For those wondering what it's for: it's basically NumPy + a JIT compiler with standard Haskell syntax (you mostly just need to change the type signatures, not the code).
It can vectorize, parallelize on the CPU, or offload to the GPU automatically.
Making Haskell programs go faster. I will say that Accelerate is in most cases not faster than similar libraries for other languages (e.g. Jax), but the integration with normal Haskell is very pleasant. As Haskell is a very nice and practical language for general-purpose programming, it's convenient to be able to use Accelerate for those parts where numerical performance is critical (but not so critical that you rewrite the entire program in CUDA or C).
Yes, and that’s fine. There are many notable Michael Jordans for instance. Maybe they could have taken the opportunity to call this one Haccelerate or Haskellerate or something like that but there is no reason for everything to have a distinct name.
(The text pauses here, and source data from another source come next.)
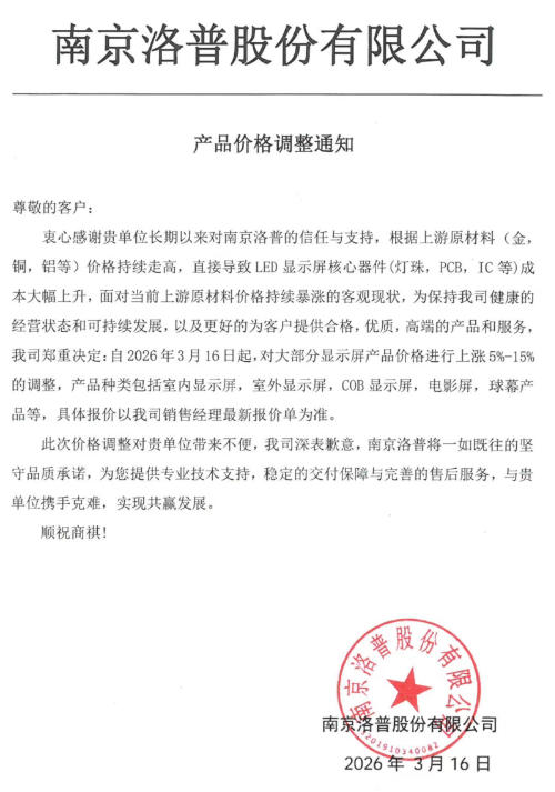 衷心感谢贵单位长期以来对南京洛普的信任与支持,根据上游原材料(金,铜,铝等)价格持续走高,直接导致LED显示屏核心器件(灯珠,PCB,IC等)成本大幅上升,面对当前上游原材料价格持续暴涨的客观现状,为保持我司健康的经营状态和可持续发展,以及更好的为客户提供合格,优质,高端的产品和服务,我司郑重决定:自2026年3月16日起,对大部分显示屏产品价格进行上涨5%-15%的调整,产品种类包括室内显示屏,室外显示屏,COB显示屏,电影屏,球幕产品等,具体报价以我司销售经理最新报价单为准。
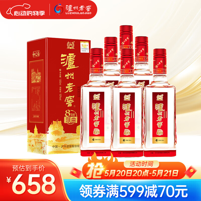 泸州老窖 八年窖头曲 和之礼浓香型白酒 52度500ml*6瓶整箱装价格:605.00元!
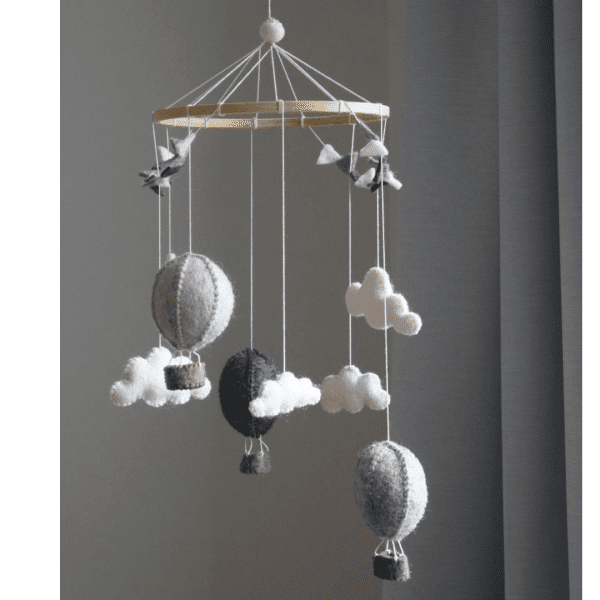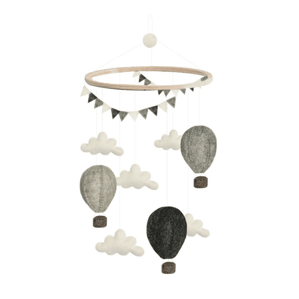 Denne smukke uro med luftballon og vimpler i fine grålige farver, som vil pynte på ethvert drenge- eller pigeværelse. Uroen er pakket med smukt bånd og er perfekt som gave til barselsgave, babyshower og dåbsgave.
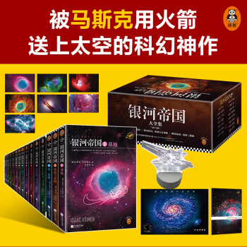 套装为礼盒珍藏版,包含基地七部曲+机器人五部曲+帝国三部曲,以及银河战舰灯+7张星云卡片+纪念版笔记本+银河帝国行政区海报。
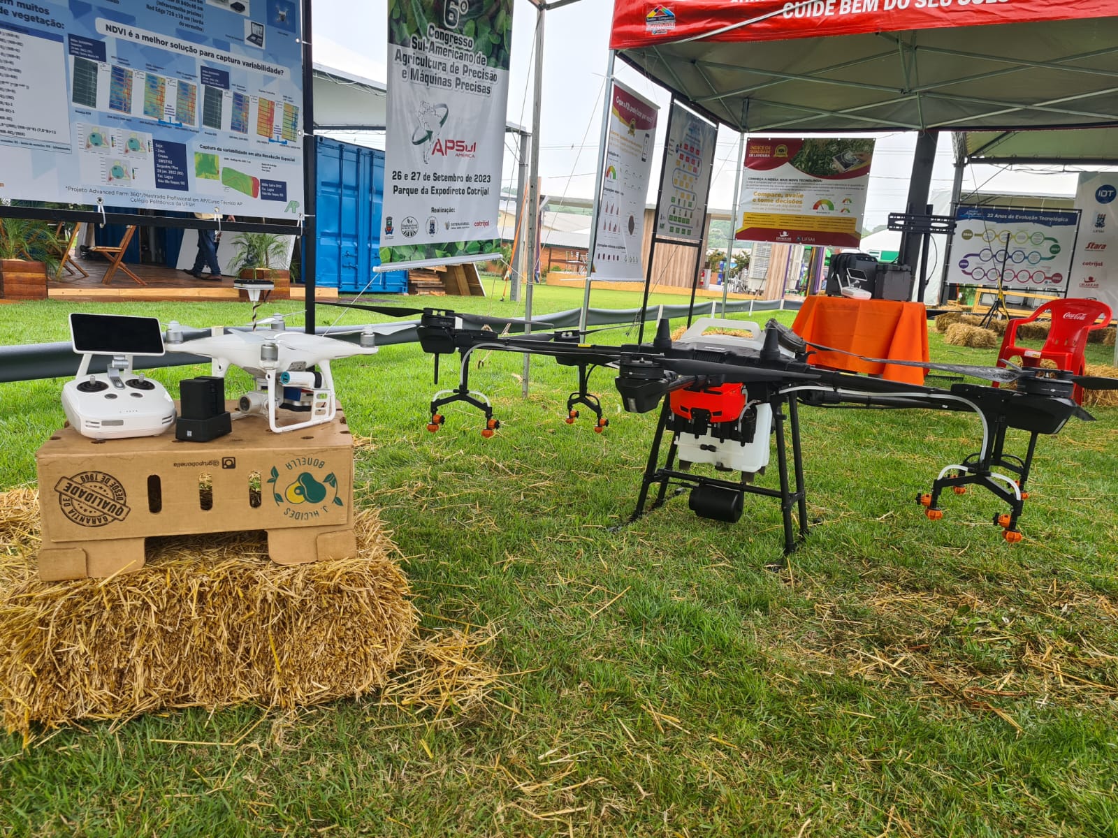 O Colégio Politécnico da UFSM foi representado na Expodireto Cotrijal 2022 por meio do Projeto Advanced Farm 360 e do Mestrado Profissional em Agricultura de Precisão. O evento, considerado uma das maiores feiras do agronegócio da América Latina, ocorreu de 07 a 11 de março de 2022, no município de Não-me-toque (RS). O Advanced Farm 360, Projeto de Desenvolvimento Institucional do Colégio Politécnico da UFSM, apresentou as tecnologias de pulverização com drones, uma de suas principais linhas de trabalho. A interação com o público foi intensa, já que a tecnologia é muito promissora e apresenta diversas vantagens quando comparada com a pulverização tradicional: por meio do uso de drones, é possível pulverizar em pontos específicos, utilizando menos insumos químicos e com alta produtividade, além da economia com mão de obra e otimização de tempo de serviço. O Mestrado Profissional em Agricultura de Precisão é um curso de pós-graduação ofertado pelo Colégio Politécnico da UFSM, que tem por objetivo qualificar profissionais para atuar em empresas ligadas ao segmento da agricultura de precisão. Durante os cinco dias de feira, o Advanced Farm 360 participou também do estande do Projeto Aquarius, também da UFSM, um dos principais projetos de agricultura de precisão do Brasil. No dia 09 de março, a iniciativa esteve presente no estande da UFSM.

Context has sufficient namespacing.
I think we ran out of `$NameFast` and `Fast$Name`, so people are just using plain verbs as names now, ideally as similar to something existing as possible, so you can attempt to steal their SEO and similar nifty "growth hacking" stuff.
It can vectorize, parallelize on the CPU, or offload to the GPU automatically.
It's a very mature project, maybe 10+ years old.
Jokes aside, types should help a lot.
/s
Overlaps in naming happen, especially when we all want to choose simple and catchy words like "Accelerate."